(Exercise prompt):
Reproduce everything from the line that contains "[포토] 물 마시는 문창극 총리 후보자" down to the line that contains "Description: Photo aérienne" in the listing below, word for word and nothing more. Leave the pictures out.

(Exercise material):
__________________________________________________

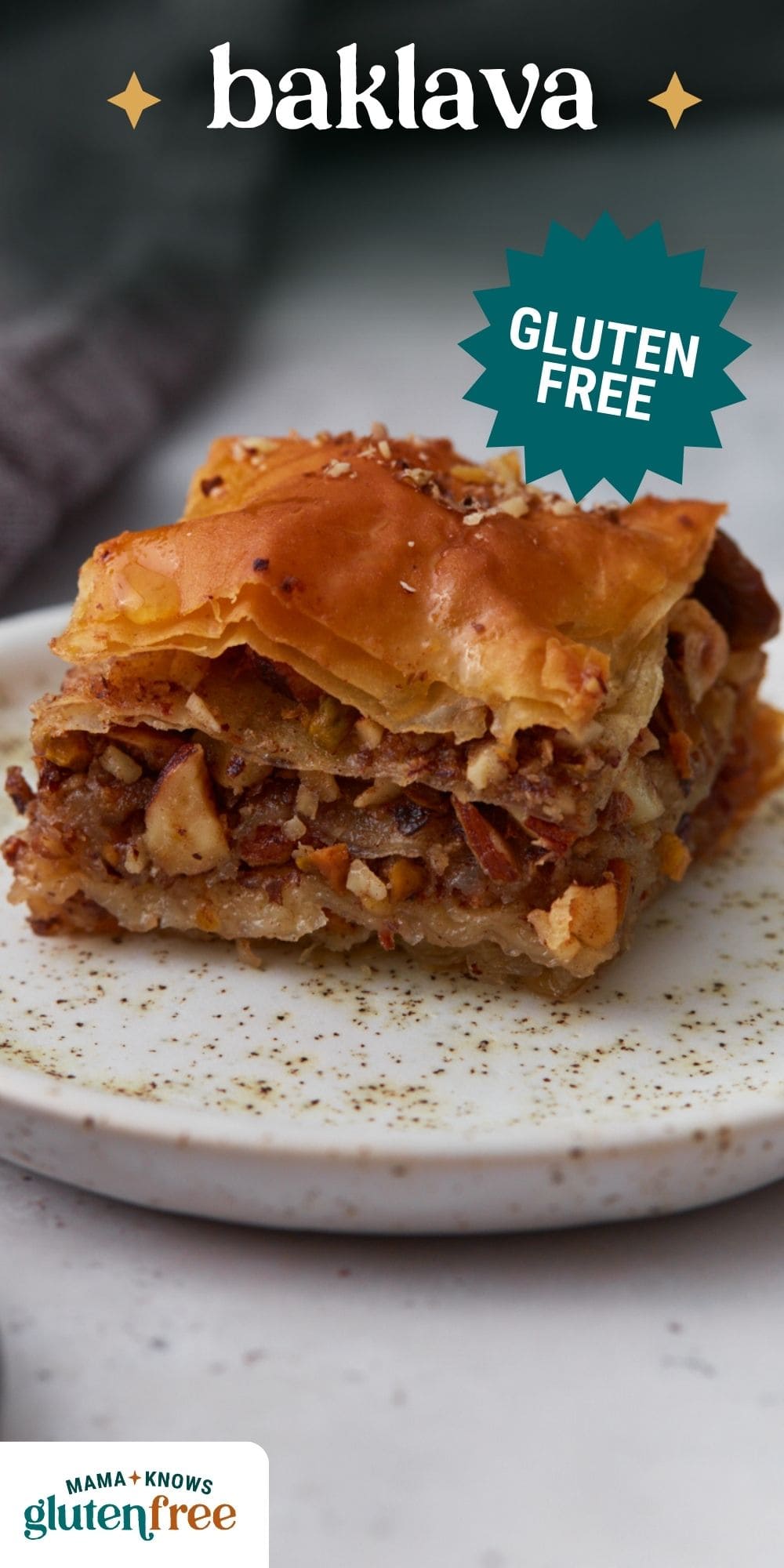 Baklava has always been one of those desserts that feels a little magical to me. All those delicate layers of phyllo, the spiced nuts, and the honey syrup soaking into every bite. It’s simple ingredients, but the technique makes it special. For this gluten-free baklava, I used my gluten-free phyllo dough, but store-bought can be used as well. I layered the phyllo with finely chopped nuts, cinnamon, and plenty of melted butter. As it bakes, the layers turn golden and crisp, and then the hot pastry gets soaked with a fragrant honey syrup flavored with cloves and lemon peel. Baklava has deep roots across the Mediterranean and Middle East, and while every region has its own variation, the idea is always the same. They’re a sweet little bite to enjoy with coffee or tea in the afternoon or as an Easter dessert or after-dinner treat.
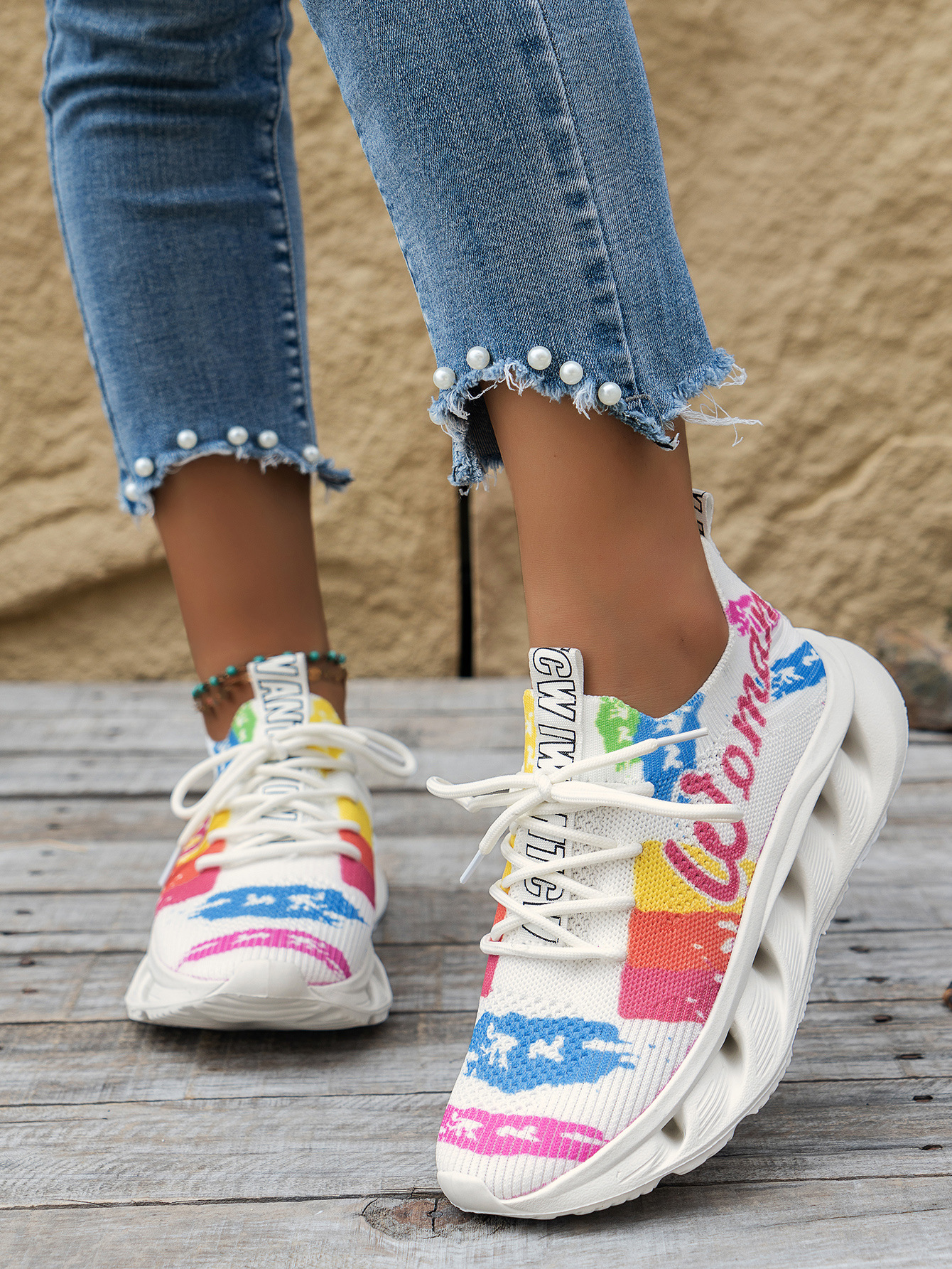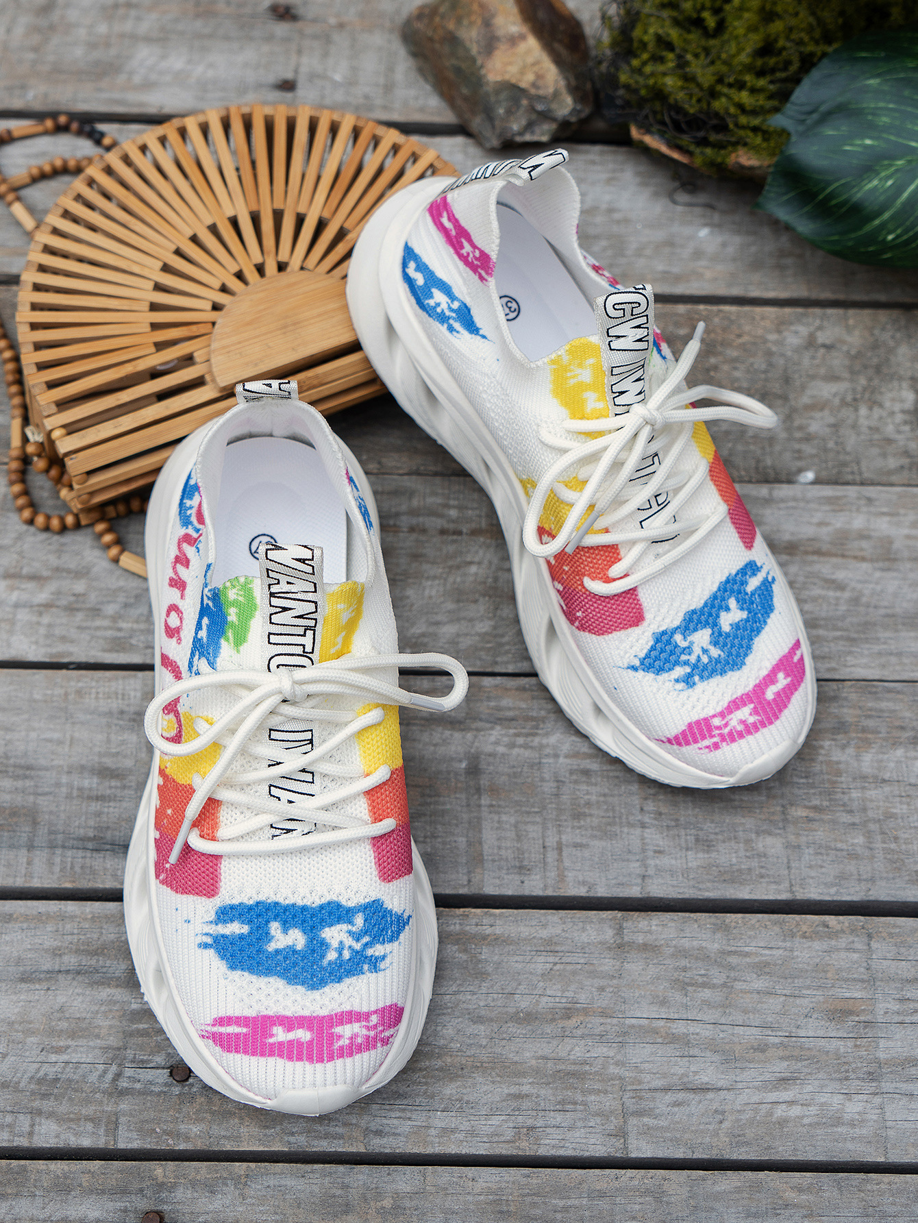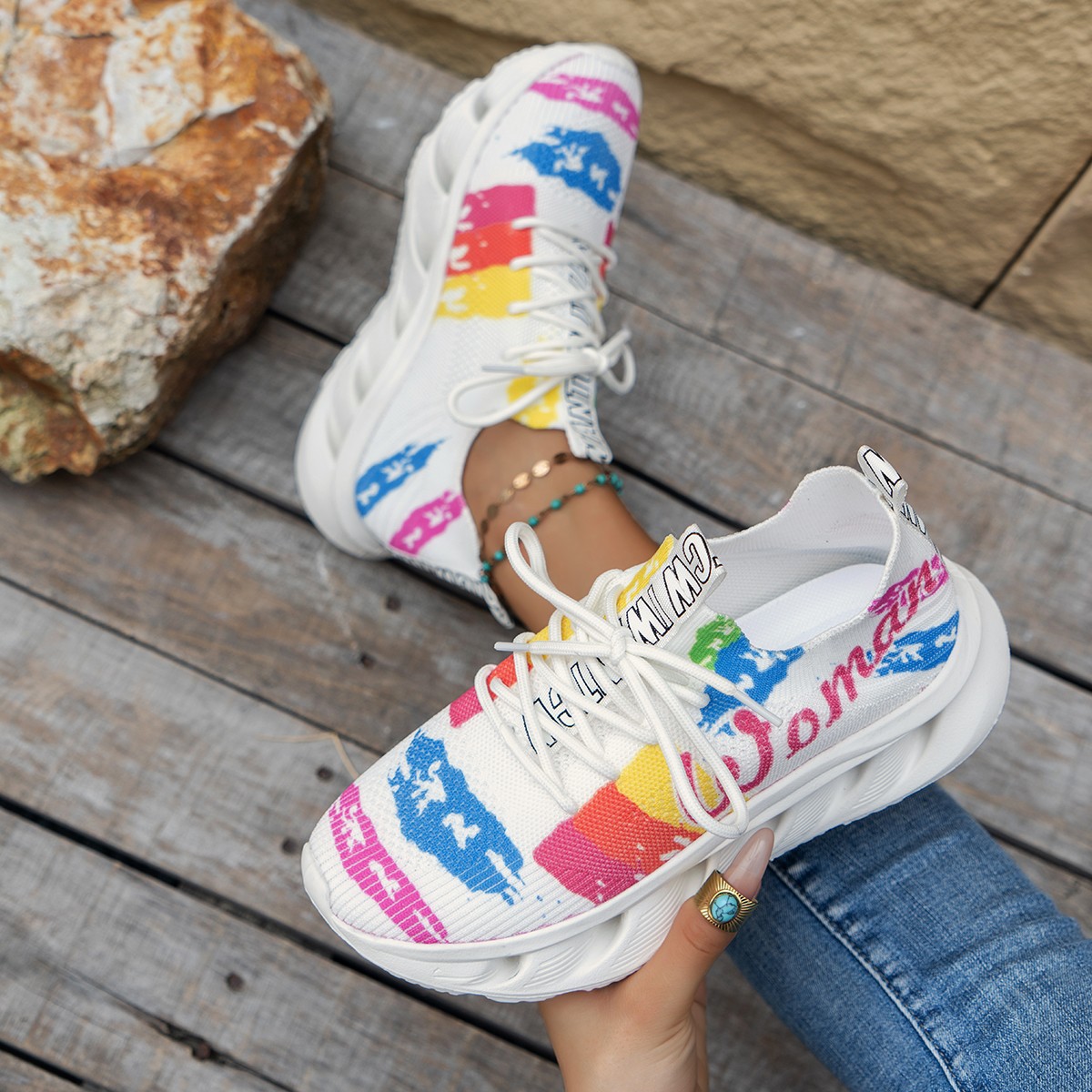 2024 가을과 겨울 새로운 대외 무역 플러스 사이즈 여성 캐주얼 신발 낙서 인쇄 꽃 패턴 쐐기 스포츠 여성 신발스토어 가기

__________________________________________________

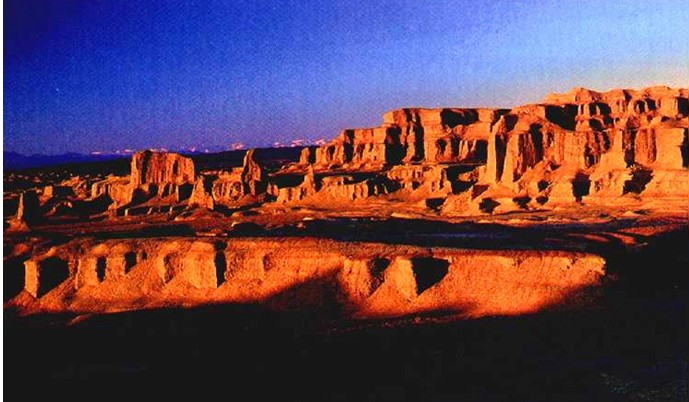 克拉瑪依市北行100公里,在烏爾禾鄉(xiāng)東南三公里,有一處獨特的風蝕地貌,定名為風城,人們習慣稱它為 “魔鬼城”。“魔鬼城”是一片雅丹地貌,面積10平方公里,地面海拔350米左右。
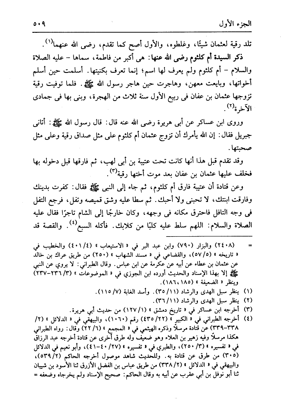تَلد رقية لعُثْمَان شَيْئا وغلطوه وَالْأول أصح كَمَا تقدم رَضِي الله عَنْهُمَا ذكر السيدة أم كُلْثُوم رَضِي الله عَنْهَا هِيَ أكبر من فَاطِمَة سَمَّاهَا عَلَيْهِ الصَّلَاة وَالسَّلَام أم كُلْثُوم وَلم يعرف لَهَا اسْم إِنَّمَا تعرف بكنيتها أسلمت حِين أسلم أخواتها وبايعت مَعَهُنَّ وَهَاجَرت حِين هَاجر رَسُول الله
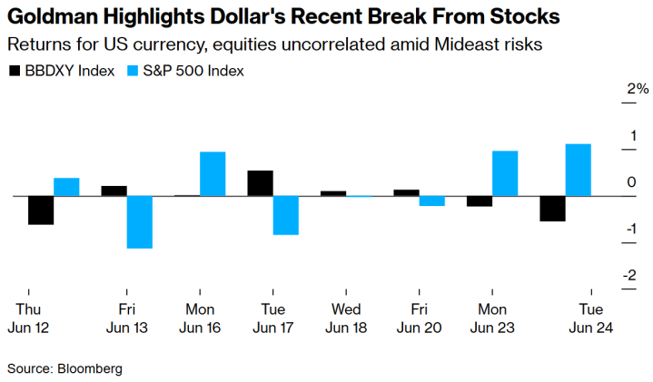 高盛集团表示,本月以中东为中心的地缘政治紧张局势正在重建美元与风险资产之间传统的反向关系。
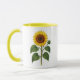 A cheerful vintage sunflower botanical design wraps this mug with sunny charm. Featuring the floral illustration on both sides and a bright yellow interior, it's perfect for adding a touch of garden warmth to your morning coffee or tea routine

__________________________________________________

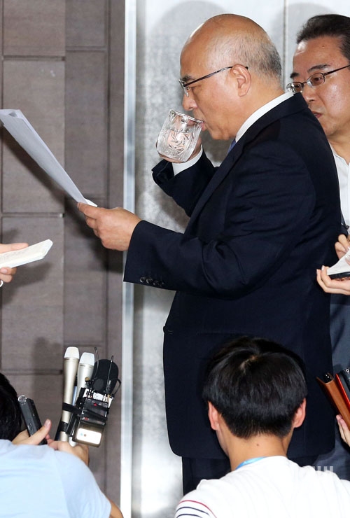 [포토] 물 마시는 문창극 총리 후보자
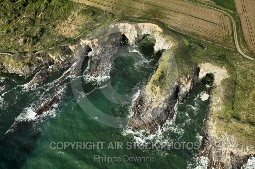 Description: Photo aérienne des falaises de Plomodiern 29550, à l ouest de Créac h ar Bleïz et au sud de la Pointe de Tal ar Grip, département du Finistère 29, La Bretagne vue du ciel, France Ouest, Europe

__________________________________________________

(Task response):
 [포토] 물 마시는 문창극 총리 후보자
 Description: Photo aérienne des falaises de Plomodiern 29550, à l ouest de Créac h ar Bleïz et au sud de la Pointe de Tal ar Grip, département du Finistère 29, La Bretagne vue du ciel, France Ouest, Europe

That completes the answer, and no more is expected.